Всех больше хлопотал о новостях пылкий и любознательный Сельван. Раз он прибежал ко мне с вырезкой из "Русского Инвалида". Она заключала всего только десять строчек, где очень лаконически извещалось про донесение князя Меншикова о том, что союзные войска высадились у Евпатории, что наши заняли позицию при Альме и, после храброго сопротивления, перешли за р. Качу.

Понятно, что такие известия не могли усладить невзгоды нашего осеннего пути. Поневоле пришлось вспомнить пословицу: "Как на охоту, то и собак кормить!" В средине похода, вдруг явился приказ по дивизии, чтобы полки на дневках занимались стрельбой, а во время переходов малыми маневрами.

Усталому, измученному солдату, которому предлежал долгий поход, сходить с дороги и маневрировать в осенней грязи дело немыслимое.
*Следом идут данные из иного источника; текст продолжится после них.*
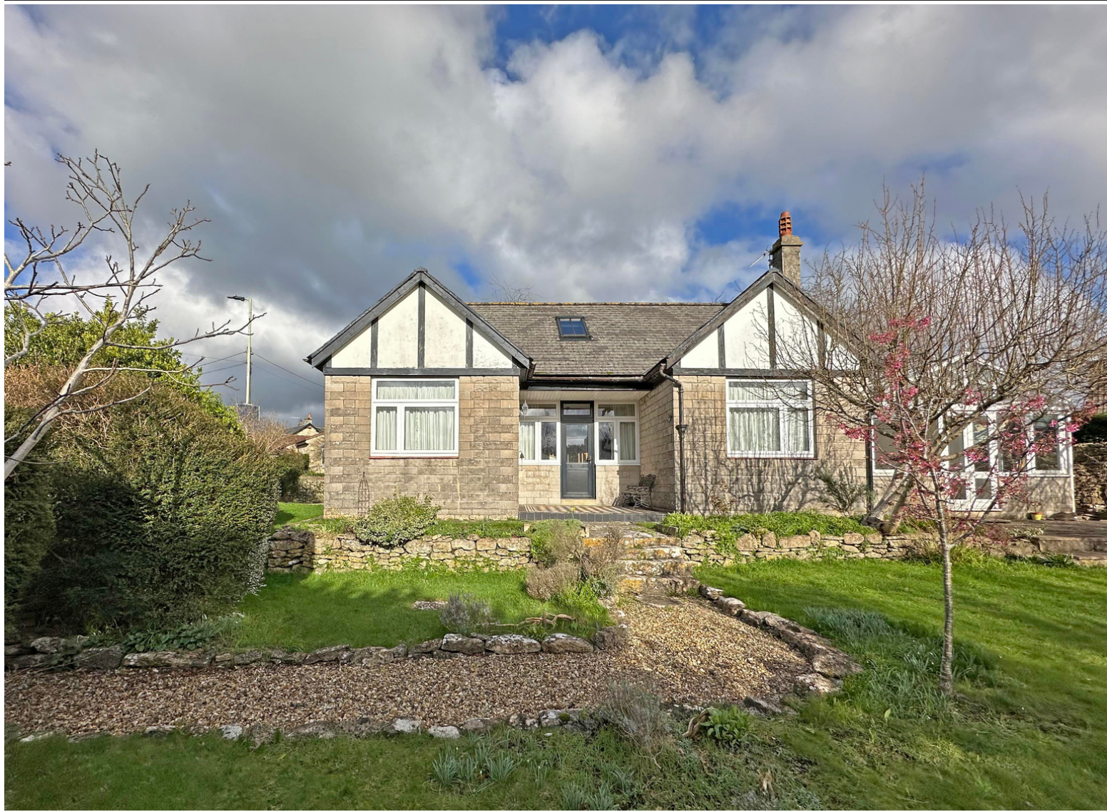
Winsley Road, Bradford on Avon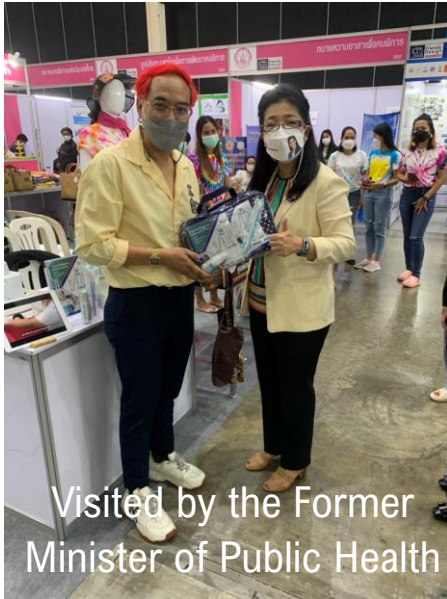
Visited by the Former Minister of Public Health

О стрельбе также нельзя было думать под дождем и при настигшей нас в скором времени зиме. Неудивительно, что распоряжение это осталось без исполнения, будучи невыполнимым само по себе.
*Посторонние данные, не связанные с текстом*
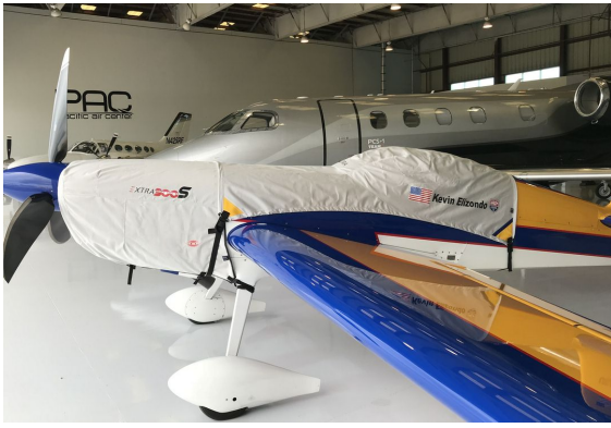
Extra 300S Canopy & Engine Covers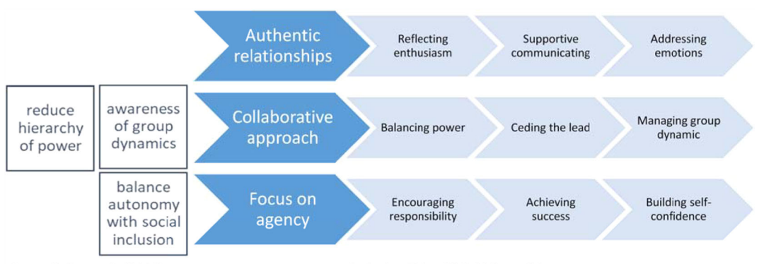
Jones & Deutsch (2010)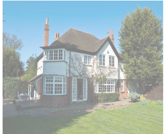
Garden front, Wood Lane House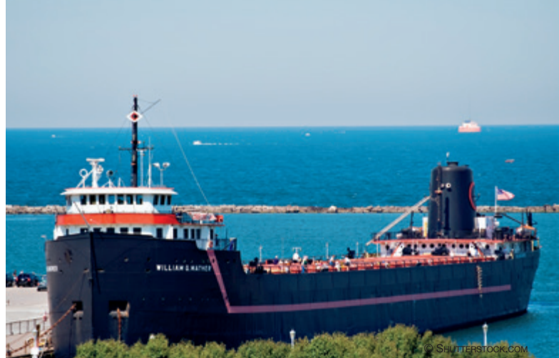
The William G. Mather , a retired Great Lakes bulk freighter, is now a ship museum docked on Lake Erie in Cleveland, Ohio.

the Great Lakes, making Lake ports closer to some European markets than ports on the East and Gulf Coasts. More than 200 million tons of cargo, primarily iron ore, coal, and grain, is shipped through the Great Lakes each year.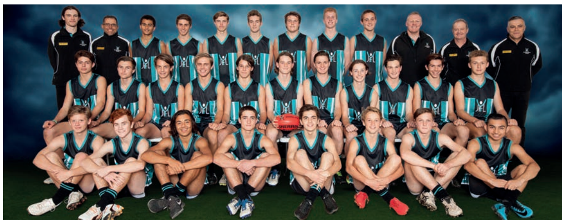
Under 15 Division 1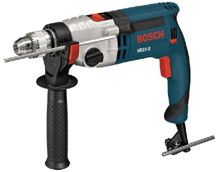
17. Electric drill with hammer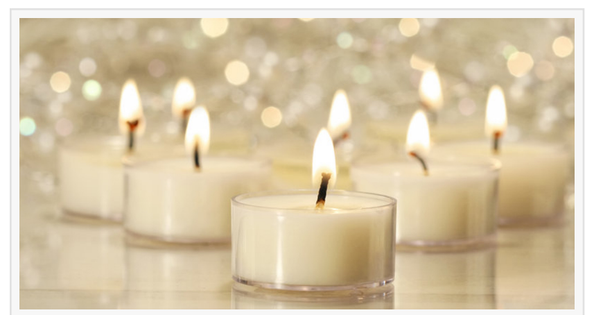
In 2024, no one is likely thinking about how and when Christmas became the rejoiced holiday that it is ... but what if God has communicated with a person about Christmas?

In 2024, no one is likely thinking about how and when Christmas became the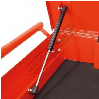
2 x Lid Gas Strut Supports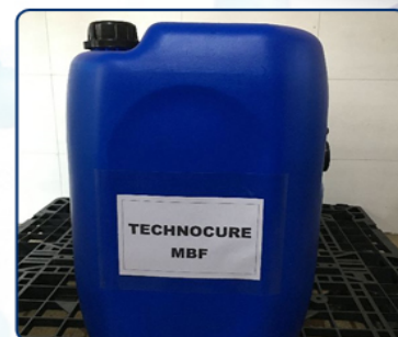
Phenylglyoxylic Acid Methyl Ester (Technocure MBF)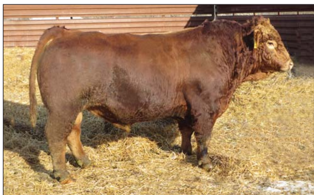
DVE Davidson Mr Dakota 151X

An Astro son of the DDGR 62R dam, we raised this bull and sold him to Chimney Butte Ranch. He adds frame and performance to his calves.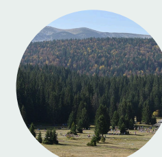
Dinaric Alps, Bosnia & Herzegovina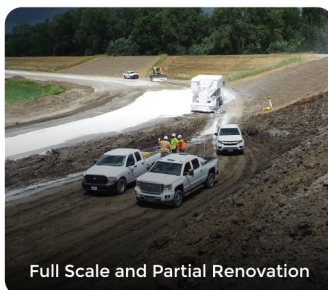
Full Scale and Partial Renovation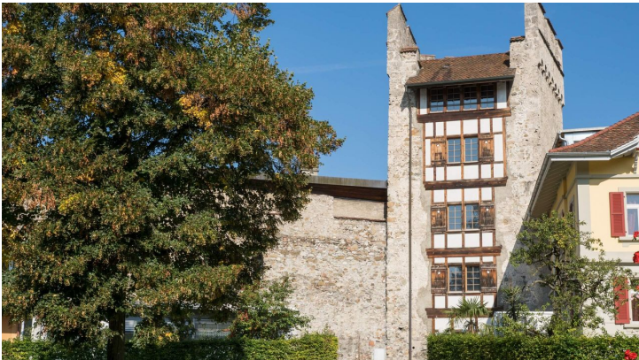
Thun-Thunersee Tourismus, Interlaken Tourismus - web@interlaktourism.ch

Однако штуцерные стреляли на днёвках, во что бы ни стало.

Граф Баранов все более и более выказывался другом офицеров, не переставая быть начальником. Оказалось, что он радушный хлебосол, и не только весь штаб объедал у него каждый день, но и караульный офицер, а зачастую и посторонние гости, тоже из офицеров.

Я помню, что стоял раз в карауле и после простого, но вкусного обеда, полковой командир взглянул на новенькие еще полковые знамена, стоявшие в углу его квартиры, и сказал: - Эх, кабы удалось нам приукрасить их следами неприятельских выстрелов!

Граф Баранов вообще ослабил форменный ремень, не придирался к мелочам, старался, напротив, облегчить каждому походное бремя, и служба от этого конечно не терпела, а еще выигрывала.

1-го октября была объявлена перемена маршрута: вместо того, чтобы следовать на Ломжу, мы у Вилькомира должны бы свернуть с шоссе и, через Ширвинты и Мейшаголы, вступить в Вильну (1-я гвардейская пехотная бригада, вошедшая в период Крымской войны в состав армии, охраняла побережье Финского залива).

Моя корреспондентка описывает носившиеся в Петербурге слухи о причинах перемены нашего маршрута, в письме от 22 сентября 1854 года.

"Сегодня я опять слышала подтверждение, что ваш маршрут изменен, потому что король Прусский не нуждается в пехоте, а в кавалерии, - слова слишком таинственные, чтобы не искать в них смысла... Слышала из других уст, что войскам переменили маршруты, потому что король Прусский обижается, зачем к его границам подвигают войска, когда он часть своих распустил".

Вот еще интересная выдержка из письма от 15 декабря на счет пруссаков и анекдот о русском немце. Говорят, король Прусский отказывается от престола и едет на днях в Россию. Как король, так и войска расположены в нашу пользу; народ - против нас.

Пруссаки ненавидят австрийцев точно так же, как французы англичан. Один немец, проживавший долго в России, с грустью смотрел на вывешенную (где-то за границей) афишку, на которой крупными буквами напечатано: "Севастополь взят".

Но когда немец прочел далее: 35000 русских сдались... он радостно вскрикнул: - Шампанского! Все ложь! И 35 русских не сдадутся, а не только что 35000!